-- PROMPT --
Print the listing as it stands, omitting all images.
(INPUT DATA)
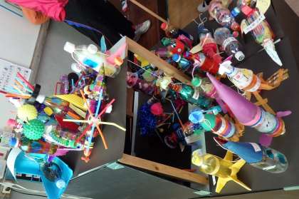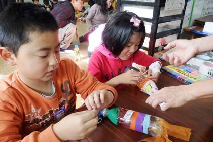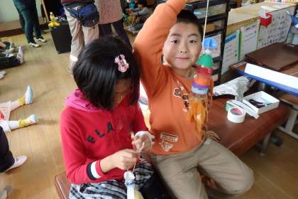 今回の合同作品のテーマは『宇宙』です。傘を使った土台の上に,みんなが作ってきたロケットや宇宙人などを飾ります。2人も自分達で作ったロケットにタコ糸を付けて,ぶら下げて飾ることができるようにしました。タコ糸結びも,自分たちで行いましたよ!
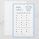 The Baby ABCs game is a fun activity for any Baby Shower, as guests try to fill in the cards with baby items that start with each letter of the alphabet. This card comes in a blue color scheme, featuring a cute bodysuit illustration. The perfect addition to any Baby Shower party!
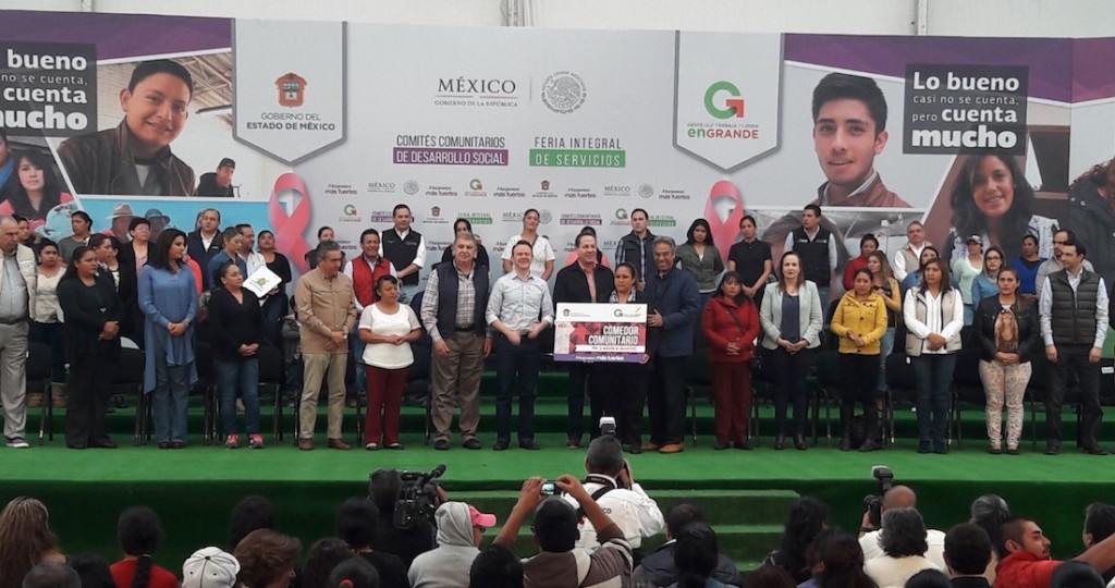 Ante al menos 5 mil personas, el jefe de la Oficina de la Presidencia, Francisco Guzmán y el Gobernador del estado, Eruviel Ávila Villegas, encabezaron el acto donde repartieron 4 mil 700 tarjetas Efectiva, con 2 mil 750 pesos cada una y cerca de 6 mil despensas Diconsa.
(End INPUT DATA)
-- EXPECTED ANSWER --
 今回の合同作品のテーマは『宇宙』です。傘を使った土台の上に,みんなが作ってきたロケットや宇宙人などを飾ります。2人も自分達で作ったロケットにタコ糸を付けて,ぶら下げて飾ることができるようにしました。タコ糸結びも,自分たちで行いましたよ!
 The Baby ABCs game is a fun activity for any Baby Shower, as guests try to fill in the cards with baby items that start with each letter of the alphabet. This card comes in a blue color scheme, featuring a cute bodysuit illustration. The perfect addition to any Baby Shower party!
 Ante al menos 5 mil personas, el jefe de la Oficina de la Presidencia, Francisco Guzmán y el Gobernador del estado, Eruviel Ávila Villegas, encabezaron el acto donde repartieron 4 mil 700 tarjetas Efectiva, con 2 mil 750 pesos cada una y cerca de 6 mil despensas Diconsa.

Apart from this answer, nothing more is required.